Развернувшись, принц увидел несущийся на него вал, ощетиненный копьями и мечами. Он вздрогнул, побледнел, и тут рядом с ним неведомо откуда появился Кенред, держащий в поводу Эльфредова черного жеребца. Молодому воину понадобилось так мало времени, чтоб оказаться в седле, что он и сам поразился. Через пару мгновений он оказался среди своих, а спустя еще пару мгновений на уэссекцев налетели норманны.
Хорошо атаковать, когда ты в седле, а противник пеш. Еще очень неплохо, когда конные налетают на противника, уже занятого схваткой. А вот когда конных атакуют пешие, это ни к чему хорошему не приводит. В один миг Эльфред сообразил, что такое положение настолько невыигрышно, что либо всех конников нужно спешивать, пока не поздно, либо бросать их в атаку, навстречу датчанам.
– Вперед! – завопил принц.
Кто-то послушал его. Кто-то просто не разобрал, что он кричит. Времени, чтобы сообразить, что нужно делать, оставалось слишком мало, неудивительно, что кто-то запаниковал. Слаженно, как один, на врага кинулся только отряд Эльфреда – они привыкли слушать его и сразу выполнять все, что сказано.
Норманны налетели, как шторм в открытом море. Сообразив, что конники – всего две с половиной сотни человек – остались без поддержки, Этельред приказал пешим воинам выступать, и скоро на поле близ старых укреплений Басинга началась такая неразбериха, какая бывает лишь в схватке. Король и сам не знал, что где происходит, где датчане, а где его подданные. Он все рвался в самую гущу битвы, и потому не имел никакого представления, как идут дела.
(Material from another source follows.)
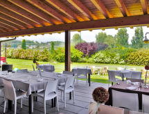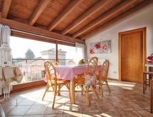 Residens "Il Colombaro", från 1300-talet, renoverat. 21 lägenheter i residenset. I ortsdelen Cunettone di Salò 4 km från centrumet av Salò, soligt läge på en kulle, 4 km från sjön, på golfbanan. För gemensamt bruk: tomt 150'000 m2, blommor och träd, äng, pool (14 x 7 m, tillgång säsongsbunden: 01.Maj. - 30.Sep.). Barnbassäng, utedusch. I anläggningen: restaurang, bar, Uppvärmning betalas lokalt. Parkering på tomten. Stormarknad 200 m, grusstrand 4 km. Närbelägna sevärdheter: Desenzano del Garda 19 km, Brescia 39 km.Interior

Эльфред тоже не знал, но и не пытался узнать – указали же ему, чтоб он не совал нос туда, куда позволено совать носы только королям. Он следил за своими людьми, и все пытался сбить их в единый отряд. Шестьдесят человек – не так уж много, но и не слишком мало, особенно в схватке, где играли роль не столько сила и умение каждого отдельного воина, а единство всего сообщества.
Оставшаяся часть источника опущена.